Le frecce del tempo

Perchè ricordiamo il passato e non il futuro? Perchè il tempo procede in avanti?
Eppure le leggi della fisica non distinguono tra passato e futuro.
In altri termini le leggi della fisica non cambiano la combinazione di quelle operazioni note come C, P e T dove C indica lo scambio tra particelle ed antiparticelle, P indica l’assunzione dell’immagine speculare cosi che sinistra e destra risultino invertite e T indica l’inversione del moto delle particelle, ovvero andare all’indietro delle stesse.
Le leggi della fisica che governano la materia rimangono invariate quando le sottoponiamo alle operazioni C e P prese a se stanti.
Invece non è cosi se consideriamo soltanto T. Ogni giorno ciascuno di noi sperimenta una diversa direzione del tempo, a seconda che si guardi indietro, nel passato o verso il futuro.
Se filmiamo un bicchiere che cadendo da un tavolo va in mille pezzi e poi vediamo al rallentatore il filmato siamo in grado immediatamente di stabilire se il filmato sta andando avanti o indietro, anche perchè nessuno ha mai avuto l’esperienza di un mucchietto di vetri che si risolleva dal pavimento ricomponendosi in un bicchiere mentre è in volo per tornare intatto sul tavolo.

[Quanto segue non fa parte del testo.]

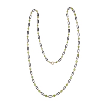 Antique peridot, white enamel and 18ct gold pendant chain necklace, c.1890, with fancy hexagonal cut peridots,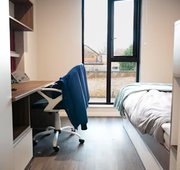 Communal kitchen and living space with 12 students Small double Wardrobe, underbed storage, full-length mirror, personal study space with desk and chair 10m² approximately Shared bathroom. 2-3 students per bathroom additional toilet downstairs

Per spiegare questo fenomeno ci si appella alla seconda legge della termodinamica che dice che con il passare del tempo l’entropia è destinata a crescere.
IL bicchiere intatto sul tavolo rappresenta un livello basso di entropia, i frantumi rotti sul pavimento un alto livello di entropia, ergo il bicchiere intatto rappresenta il passato e quello rotto il futuro.
Ecco individuata una cosiddetta freccia del tempo. Esistono però almeno tre frecce del tempo.
La prima è quella che abbiamo succintamente accennato, quella termodinamica.
La seconda è una freccia per cosi dire psicologica, ovvero il modo nel quale noi ricordiamo il passato ma non il futuro
Ed infine c’è la freccia del tempo cosmologica che è la direzione dell’espansione dell’universo.
La freccia del tempo termodinamica e quella psicologica sono fortemente interconnesse e procedono per cosi dire nella stessa direzione.
Se poi assumiamo che l’universo non ha confini le due frecce sono legate anche a quella cosmologica anche se non necessariamente puntano nella stessa direzione.
Solo quando le tre frecce puntano nella stessa direzione possono esistere esseri senzienti che si pongono la domanda perchè l’entropia aumenta nella stessa direzione del tempo?